Publié le 23 décembre 2019
- A +

Par François Lévêque1.
Un article de The Conversation

Noël, c’est sapin et saumon fumé. Mais les tranches fines rose pâle ou orangées sur canapés ou plats de fêtes sont une coutume récente. Elle s’est imposée avec la domestication du saumon de l’Atlantique (Salmo Solar), il y a à peine un demi-siècle. Élevé en cage en Norvège ou en Écosse, il ne remonte plus les rivières. Par contre, il franchit des milliers de kilomètres en camion avant d’être salé et fumé ou frais consommé.

Suivons son nouveau périple économique de l’aval à l’amont. Il nous révélera les courants du commerce international et du développement industriel.

Un marché mondial, des prix de 1 à 10

Du saumon fumé, il y a en a aujourd’hui pour tous les goûts et toutes les bourses. Nature, mariné à l’aneth ou même à la betterave (original). Salé à sec ou par injection de saumure (qui ramollit la chair). Blanc, rose, ou carotte (coloré par un pigment). Tranché à la machine, ou au couteau (mieux). D’Irlande, d’Alaska ou des îles Féroé (rare). Sauvage (top), bio ou d’élevage (peut être très bon aussi). Faites votre choix. Quant au prix, il s’échelonne cet hiver entre 16,55 euros/kg chez Leclerc et 179 euros/kg chez Petrossian, une maison de caviar.

Le saumon est fumé depuis des temps immémoriaux.
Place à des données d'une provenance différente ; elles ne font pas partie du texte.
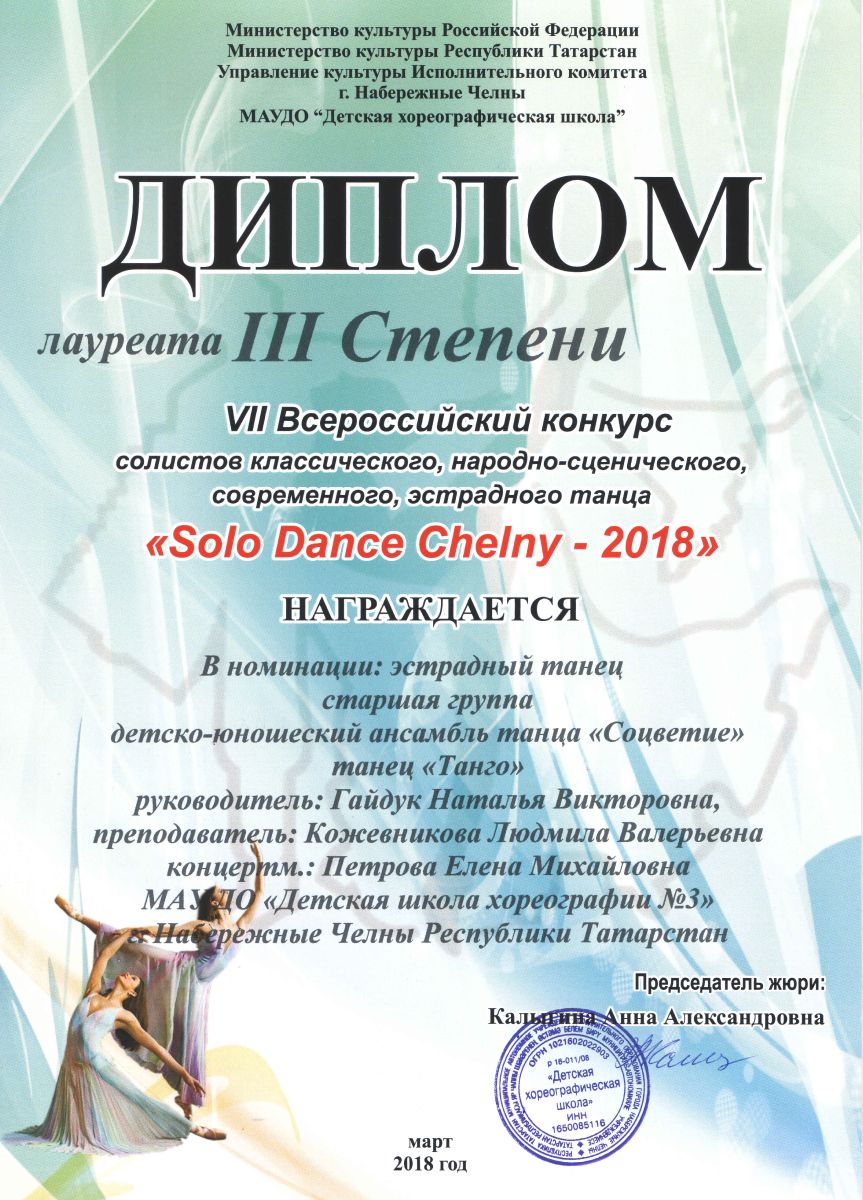 Соло - Дэнс Лауреат 3 степени Соцветие танго Гайдук, Кожевникова.jpg

Il se conserve mieux ainsi. Il était autrefois si abondant qu’en Bretagne, sous l’ancien régime, les domestiques demandaient à ne pas avoir de saumon plus de deux ou trois fois par semaine. Sa disparition de nos rivières à la saison de reproduction l’a retiré des tables des moins fortunés et, fumé, il est devenu un plat de luxe. Mais son élevage aquacole à grande échelle comme un vulgaire poulet de batterie l’a rendu meilleur marché. En plaque sur un carton doré, ses tranches fumées ont conquis les supermarchés.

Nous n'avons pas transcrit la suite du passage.